Bahlil Lahadalia menegaskan tak ada praktik kerja paksa terhadap warga negara Cina dalam industri nikel nasional.

Bahlil Bantah Ada Kerja Paksa di Industri Nikel Indonesia
Menteri Energi dan Sumber Daya Mineral (ESDM), Bahlil Lahadalia ditemui usai acara Kumparan Green Initiative Conference 2024 di Jakarta, Rabu (25/9/2024). tirto.id/Nabila Ramadhanty Putri Darmadi

tirto.id - Menteri Energi dan Sumber Daya Mineral (ESDM), Bahlil Lahadalia, menegaskan tak ada praktik kerja paksa terhadap warga negara Cina dalam industri nikel nasional. Bahkan, nihilnya praktik kerja paksa telah dipastikannya sejak sebelumnya menjabat sebagai Menteri Investasi/Kepala Badan Koordinasi Penanaman Modal (BKPM).

“Nggak ada dong (praktik kerja paksa di industri nikel). Saya kan mantan Menteri Investasi, mana ada sih kerja paksa?” ujarnya, di sela-sela acara Penganugerahan Penghargaan Keselamatan Migas Tahun 2024, di Jakarta Selatan, Senin (7/10/2024) malam.

Selain itu, Bahlil juga menilai, klaim Departemen Ketenagakerjaan Amerika Serikat (AS) atau US Department of Labour (US DOL) terhadap praktik kerja paksa yang dialami oleh warga negara asing (WNA) asal Cina adalah hal tak berdasar dan belum terbukti kebenarannya. Bahkan, dia menilai pertanyaan terkait indikasi adanya praktik kerja paksa hanya akan membuat nama Indonesia di mata dunia tercoreng.

“Jangan pro asing kami. Harus memberitakan sesuatu yang fakta, jangan (menjadikan pertanyaan ini sebagai) persepsi negatif bagi bangsa kita. Nggak ada. Sayang-sayang negara kalian lah, kita kan punya nasionalisme,” tukas Ketua Umum Partai Golongan Karya (Golkar) tersebut.

Sementara itu, sebelumnya US DOL telah menuduh Indonesia melakukan praktik kerja paksa dalam industri Pertambangan dan pengolahan nikel. Tudingan tersebut didasarkan pada Laporan 2024 List of Goods Produced by Child Labour, yang mengungkap adanya praktik kerja paksa di wilayah-wilayah tambang yang dikuasai investor Cina, yaitu di Sulawesi Tengah dan Sulawesi Tenggara.

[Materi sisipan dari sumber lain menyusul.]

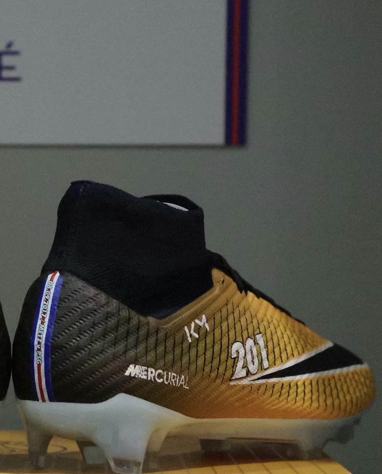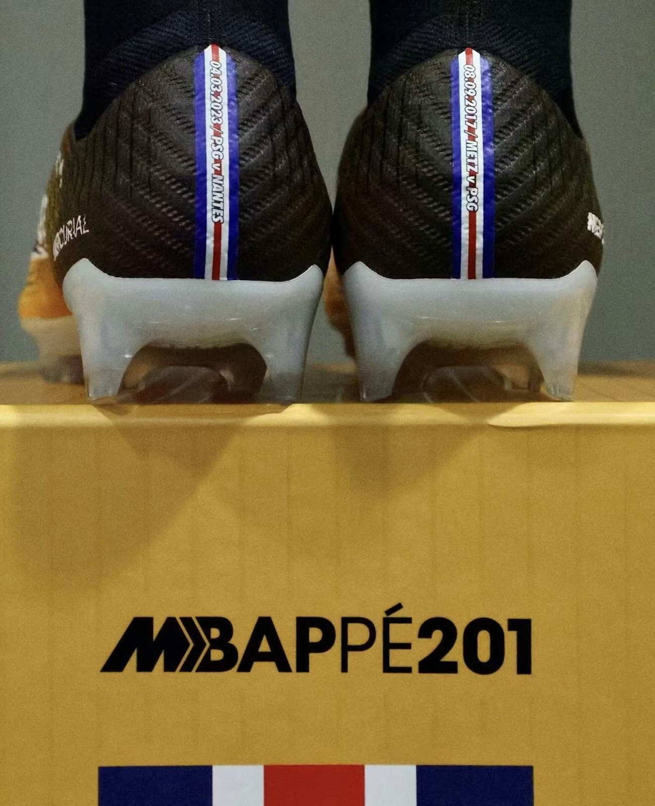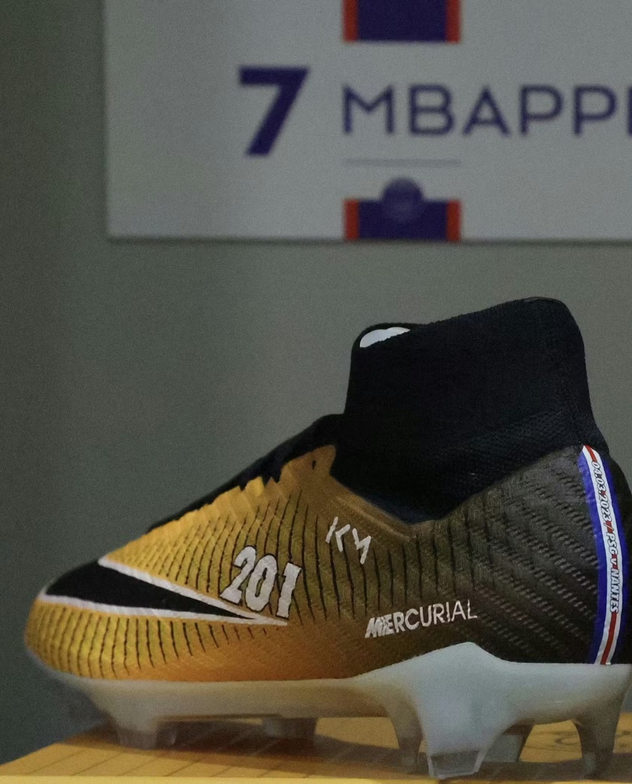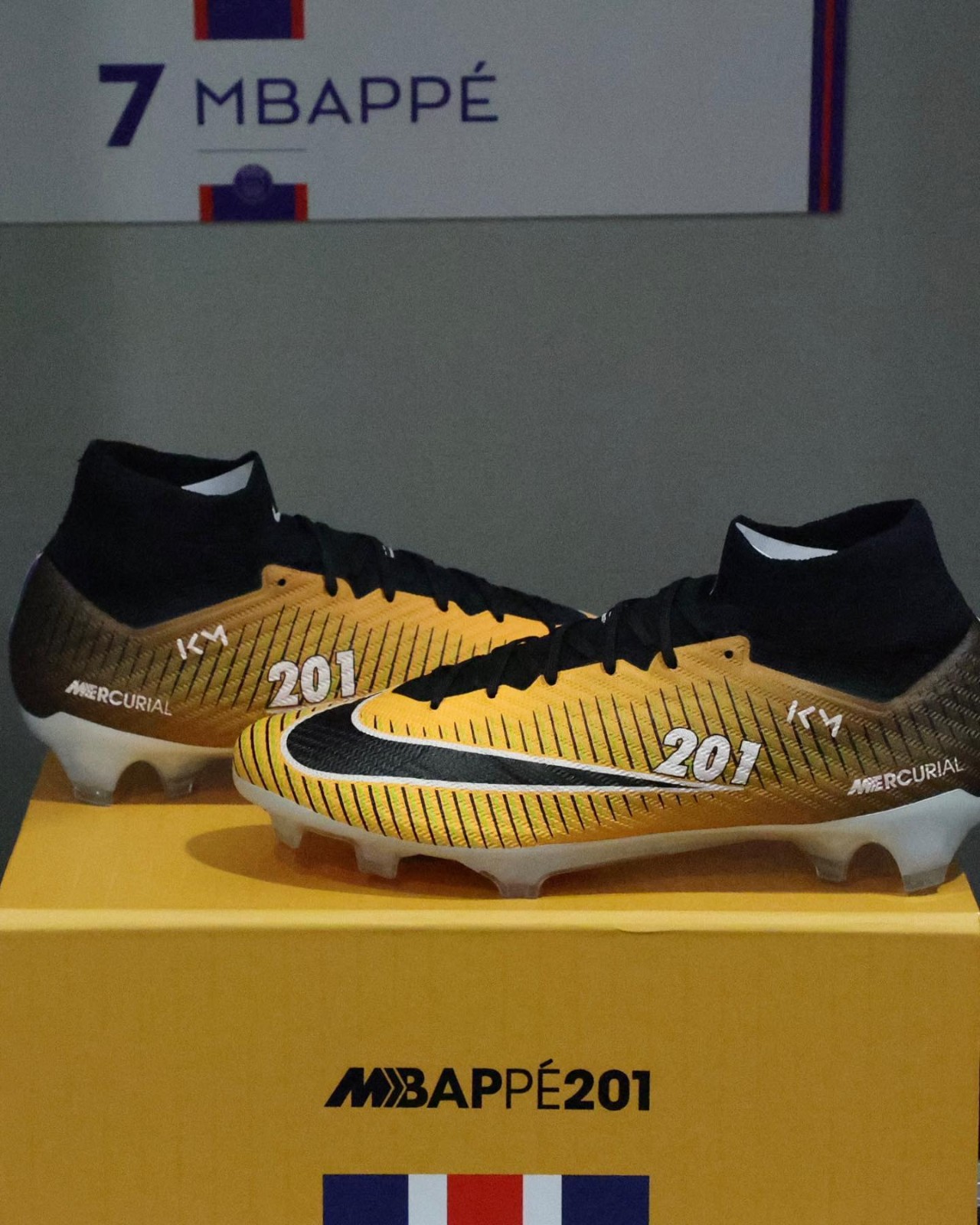 Kylian Mbappé received custom Nike Mercurial boots in 2023 that blend the modern Superfly 9 technology with the 2017 Lock In Let Loose colorway to celebrate his status as the all-time leading scorer for Paris Saint-Germain. These exclusive cleats feature a Dynamic Fit collar and commemorative details including the number 201 and the dates of his most significant club milestones.

“Pekerja secara teratur mengalami penyitaan paspor oleh pemberi kerja dan mengalami pemotongan upah secara sewenang-wenang, serta kekerasan fisik dan verbal sebagai bentuk hukuman,” tulis Laporan tersebut, dikutip Selasa (8/9/2024).

Selain itu, para pekerja asal Cina tersebut juga mengalami pembatasan pergerakan, isolasi, pengawasan secara terus-menerus, hingga kerja lembur paksa.

Senada dengan Bahlil, Direktur Eksekutif Asosiasi Penambang Indonesia atau Indonesia Mining Association (IMA), Hendra Sinadia, juga memastikan tak ada praktik kerja paksa yang dilakukan anggotanya. Sebaliknya, dia memastikan dalam kerja industri nikel, anggotanya telah memasukkan aspek hak asasi manusia (HAM) dalam Perjanjian Kerja Bersama dengan para pekerja yang mereka rekrut.

“Hal yang dituduhkan tersebut tidak ada di anggota kami. Tidak sepantasnya laporan tersebut menjadi generalisasi praktik yang dituduhkan terjadi di industri nikel di Indonesia,” tegas Hendra, dalam keterangan yang diterima Tirto.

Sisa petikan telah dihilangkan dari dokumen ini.